Seit der Gesetzesreform 2017, pünktlich zum G20 Gipfel in Hamburg, wurde die Strafbarkeit nach dem Gesinnungs-Paragrafen 129 ausgeweitet. Seit dem müssen weder vereinsähnliche Strukturen nachgewiesen werden, noch werden konkrete Kriterien an die Mitgliedschaft geknüpft. Es geht ausschließlich um die längerfristige Verfolgung eines „gemeinsamen übergeordneten Interesses“ und den Nachweis, dass der Zweck der Vereinigung in der Begehung von Straftaten liege. Laut Gesetz müssen diese Straftaten jedoch weder „vorbereitet“ noch „geplant“ sein, allein die Ausrichtung darauf muss nachzuweisen sein. Für diesen losen Zusammenschluss werden nun nicht mehr drei Menschen benötigt, sondern nur noch zwei.
Für den vorsitzenden Richter in Dresden reichten die Aussagen des Kronzeugen über angeblich regelmäßige Kampfsporttrainings, um diese Argumentation der, auf die Begehung von Straftaten ausgerichteten Gruppe, begründen zu können.
Die Ausgangshypothese der Bundesanwaltschaft (BAW), die Existenz einer kriminellen Vereinigung unter der Führung von zwei Personen, musste unter allen Umständen Hand und Fuß bekommen. So wurde im Laufe des Prozesses von der Soko Linx und mit Hilfe des Kronzeugen Domhöver eine “Kreis-Theorie” der Mitgliedschaft erfunden, um jene These, an der alle Glaubwürdigkeit des Staates hing, zu untermauern. Selbst ein sportlicher Körperbau, konnte als zentrales Einsatzwerkzeug für die Vereinigung deklariert werden.
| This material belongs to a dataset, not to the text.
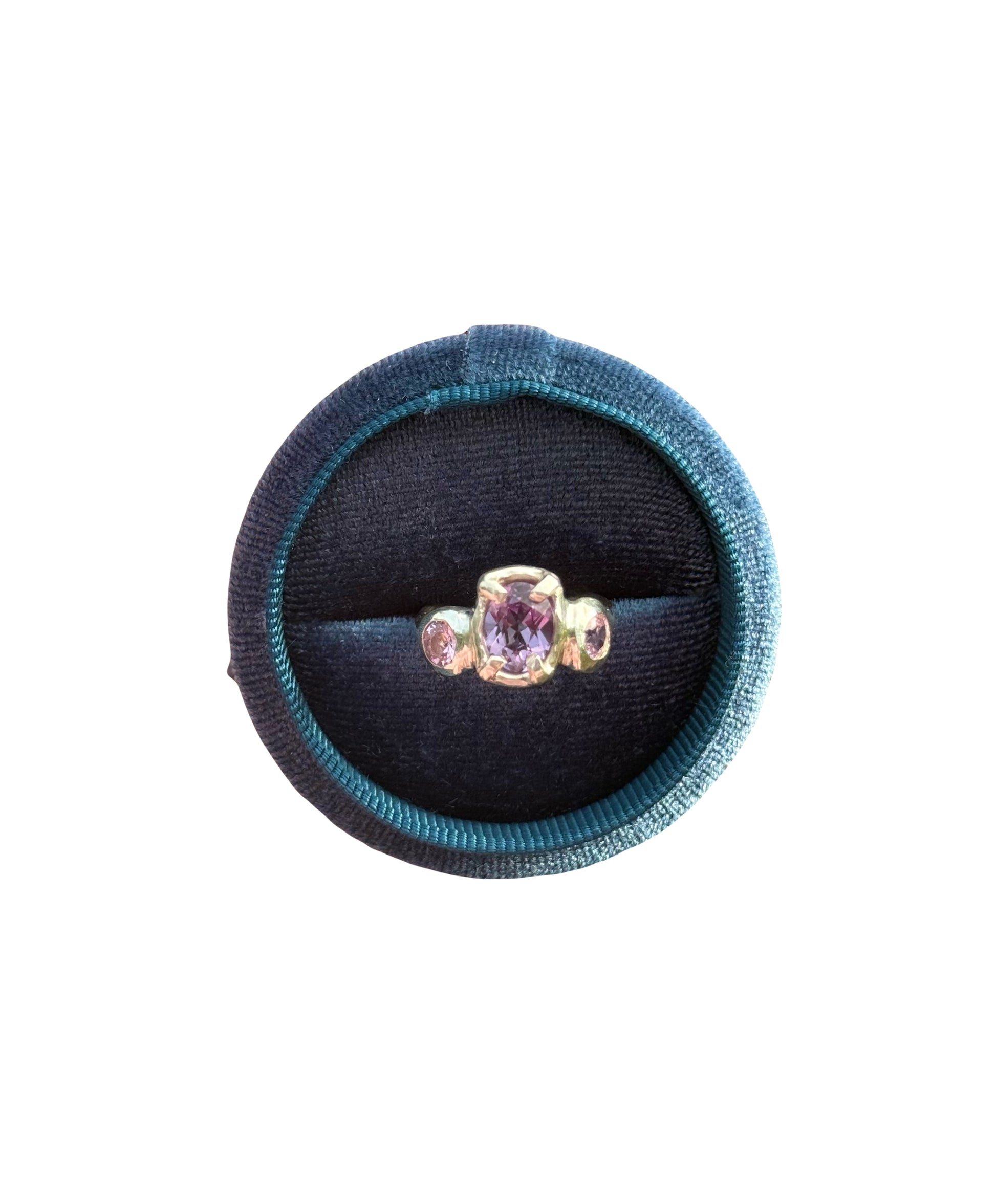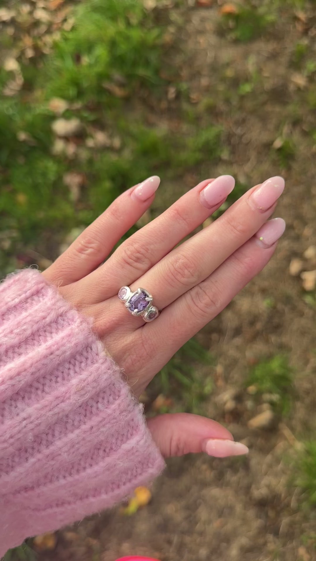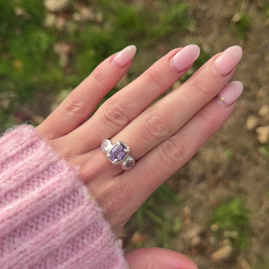 The Whimsy Ring is a one-off wonder crafted in sterling silver, featuring a natural iridescent purple alexandrite at its centre. On either side, a soft pink sapphire adds a delicate pop of colour. This ring feels both magical and beautifully understated.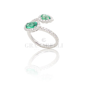 Anello doppio in Oro Bianco con Smeraldi 1.05kt e Diamanti

Der Gefährte den wir unterstützen, ist erst im Laufe der Ermittlungen in den Beschuldigten-Status gerutscht. Und saß dann recht überraschend als einer der vier scheinbar sehr willkürlich Ausgewählten auf der Anklagebank. Wir mussten also recht spontan auf diesen Umstand reagieren und begannen uns erst einen Monat vor Verfahrensbeginn als Soli-Struktur zu finden. Zurecht finden mussten wir uns in Bezug auf schon bestehende Soli-Strukturen, auf die Art und Weise wie wir arbeiten wollen und wie wir miteinander einen guten Modus finden können.
Im Zentrum dieser Anfangsphase standen der Wunsch nach einer politischen Ausrichtung der Soliarbeit und Prozessstrategie, die logistischen Aufgaben, die Unterstützung des Angeklagten und patriarchale Dynamiken.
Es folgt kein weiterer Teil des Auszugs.